:: Available data

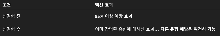 예방접종 백신 종류 👉 HPV 백신은 성 경험 이전 접종 시 가장 효과적입니다.
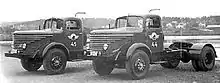About 260 models of lorry were produced, which were fitted with 35 types of engine, 20 different gearboxes, and 15 to 20 types of cabin.[59] Many of the models were produced in small numbers, with 116 types only being represented by one or two units. Most of the differences came from special wheelbases that always needed approval from the authorities.[60] In many cases, it is impossible even for experts to identify different models and years of production. There were 66 types of bus chassis produced, and the number of different body types built on them by various coach builders and operators is unknown.[59]
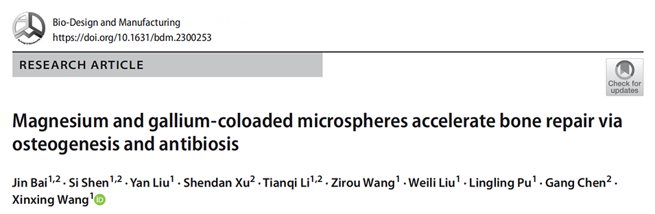 近期,军事科学院军事医学研究院环境医学与作业医学研究所王新兴主任、天津医科大学口腔医院陈刚教授采用改良的水包油包水乳液法制备了镁和镓共负载的PLGA微球,这些微球能有效促进成骨分化、抑制破骨细胞分化,并具有抗菌效果,展现出治疗感染性骨缺损的巨大潜力。相关研究以“Magnesium and gallium-coloaded microspheres accelerate bone repair via osteogenesis and antibiosis”为题目,发表在期刊《Bio-Design and Manufacturing》上。
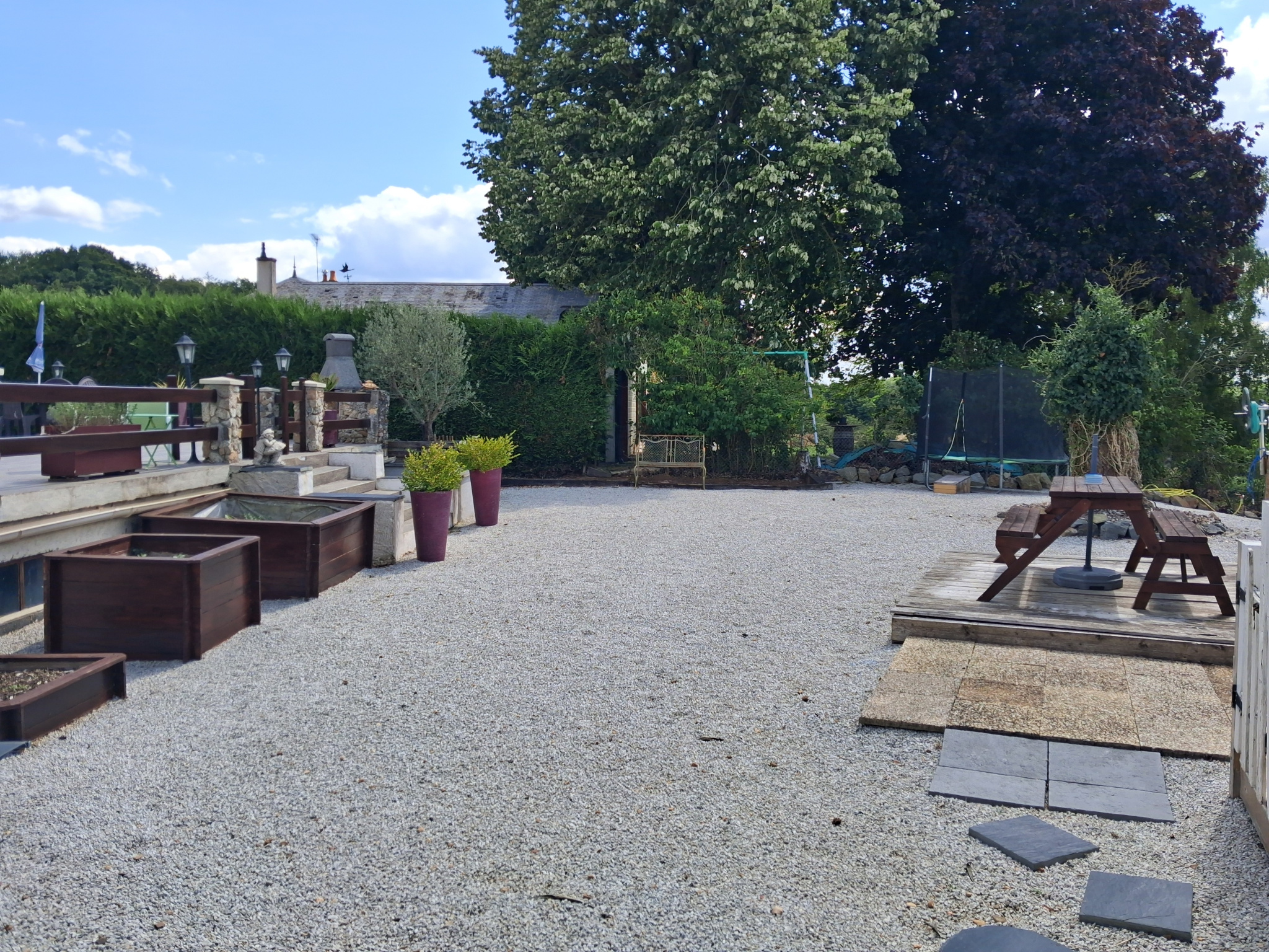 L’extérieur soigneusement aménagé s’étend sur un terrain de 2616 m², offrant un cadre verdoyant et ressourçant. Une vaste terrasse d'environs 77 m² permet de profiter pleinement des beaux jours, tandis qu’une piscine semi-enterrée et un terrain de pétanque apporte une touche de détente supplémentaire. Le garage accolé, avec une partie sous-sol, constitue un véritable atout pour le stationnement et le stockage.

::::

**Exercise instructions**
Write the listing out again in full and unchanged, minus any pictures.

**Solved exercise**
 예방접종 백신 종류 👉 HPV 백신은 성 경험 이전 접종 시 가장 효과적입니다.
About 260 models of lorry were produced, which were fitted with 35 types of engine, 20 different gearboxes, and 15 to 20 types of cabin.[59] Many of the models were produced in small numbers, with 116 types only being represented by one or two units. Most of the differences came from special wheelbases that always needed approval from the authorities.[60] In many cases, it is impossible even for experts to identify different models and years of production. There were 66 types of bus chassis produced, and the number of different body types built on them by various coach builders and operators is unknown.[59]
 近期,军事科学院军事医学研究院环境医学与作业医学研究所王新兴主任、天津医科大学口腔医院陈刚教授采用改良的水包油包水乳液法制备了镁和镓共负载的PLGA微球,这些微球能有效促进成骨分化、抑制破骨细胞分化,并具有抗菌效果,展现出治疗感染性骨缺损的巨大潜力。相关研究以“Magnesium and gallium-coloaded microspheres accelerate bone repair via osteogenesis and antibiosis”为题目,发表在期刊《Bio-Design and Manufacturing》上。
 L’extérieur soigneusement aménagé s’étend sur un terrain de 2616 m², offrant un cadre verdoyant et ressourçant. Une vaste terrasse d'environs 77 m² permet de profiter pleinement des beaux jours, tandis qu’une piscine semi-enterrée et un terrain de pétanque apporte une touche de détente supplémentaire. Le garage accolé, avec une partie sous-sol, constitue un véritable atout pour le stationnement et le stockage.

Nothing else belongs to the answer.